_Task data_.
+++++
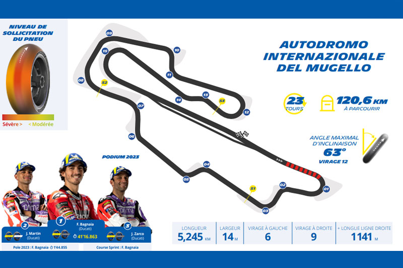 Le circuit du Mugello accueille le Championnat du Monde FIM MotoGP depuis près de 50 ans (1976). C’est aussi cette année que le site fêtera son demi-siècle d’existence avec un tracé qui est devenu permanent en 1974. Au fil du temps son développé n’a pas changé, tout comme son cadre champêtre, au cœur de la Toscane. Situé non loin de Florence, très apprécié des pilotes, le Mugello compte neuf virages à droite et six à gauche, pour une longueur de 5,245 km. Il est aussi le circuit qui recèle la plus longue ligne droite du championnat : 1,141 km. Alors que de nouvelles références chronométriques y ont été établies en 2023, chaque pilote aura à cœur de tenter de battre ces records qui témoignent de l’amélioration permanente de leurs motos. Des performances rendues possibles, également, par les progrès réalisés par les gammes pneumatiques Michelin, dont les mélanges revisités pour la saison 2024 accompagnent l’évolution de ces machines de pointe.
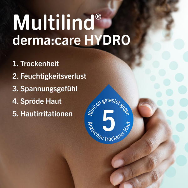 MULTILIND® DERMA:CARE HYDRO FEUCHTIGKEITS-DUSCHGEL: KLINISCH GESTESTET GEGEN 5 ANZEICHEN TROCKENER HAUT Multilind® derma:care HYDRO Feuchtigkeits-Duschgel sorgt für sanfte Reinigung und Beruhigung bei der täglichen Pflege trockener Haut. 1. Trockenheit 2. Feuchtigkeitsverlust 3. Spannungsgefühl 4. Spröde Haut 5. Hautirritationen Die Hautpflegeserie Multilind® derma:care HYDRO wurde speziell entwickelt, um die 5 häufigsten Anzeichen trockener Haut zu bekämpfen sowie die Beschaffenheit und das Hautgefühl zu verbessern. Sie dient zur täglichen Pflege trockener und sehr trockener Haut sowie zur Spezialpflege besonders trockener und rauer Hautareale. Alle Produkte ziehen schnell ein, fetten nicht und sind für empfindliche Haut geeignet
+++++
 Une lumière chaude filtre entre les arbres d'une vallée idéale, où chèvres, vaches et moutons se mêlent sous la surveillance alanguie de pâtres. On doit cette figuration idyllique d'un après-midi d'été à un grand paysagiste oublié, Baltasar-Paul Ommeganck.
+++++
_Exercise_. From the records above, give again only the part that opens with the line containing "Le circuit du" and closes with the line containing "MULTILIND® DERMA:CARE HYDRO FEUCHTIGKEITS-DUSCHGEL: KLINISCH". Keep both ends but drop the pictures.

_Worked solution_.
 Le circuit du Mugello accueille le Championnat du Monde FIM MotoGP depuis près de 50 ans (1976). C’est aussi cette année que le site fêtera son demi-siècle d’existence avec un tracé qui est devenu permanent en 1974. Au fil du temps son développé n’a pas changé, tout comme son cadre champêtre, au cœur de la Toscane. Situé non loin de Florence, très apprécié des pilotes, le Mugello compte neuf virages à droite et six à gauche, pour une longueur de 5,245 km. Il est aussi le circuit qui recèle la plus longue ligne droite du championnat : 1,141 km. Alors que de nouvelles références chronométriques y ont été établies en 2023, chaque pilote aura à cœur de tenter de battre ces records qui témoignent de l’amélioration permanente de leurs motos. Des performances rendues possibles, également, par les progrès réalisés par les gammes pneumatiques Michelin, dont les mélanges revisités pour la saison 2024 accompagnent l’évolution de ces machines de pointe.
 MULTILIND® DERMA:CARE HYDRO FEUCHTIGKEITS-DUSCHGEL: KLINISCH GESTESTET GEGEN 5 ANZEICHEN TROCKENER HAUT Multilind® derma:care HYDRO Feuchtigkeits-Duschgel sorgt für sanfte Reinigung und Beruhigung bei der täglichen Pflege trockener Haut. 1. Trockenheit 2. Feuchtigkeitsverlust 3. Spannungsgefühl 4. Spröde Haut 5. Hautirritationen Die Hautpflegeserie Multilind® derma:care HYDRO wurde speziell entwickelt, um die 5 häufigsten Anzeichen trockener Haut zu bekämpfen sowie die Beschaffenheit und das Hautgefühl zu verbessern. Sie dient zur täglichen Pflege trockener und sehr trockener Haut sowie zur Spezialpflege besonders trockener und rauer Hautareale. Alle Produkte ziehen schnell ein, fetten nicht und sind für empfindliche Haut geeignet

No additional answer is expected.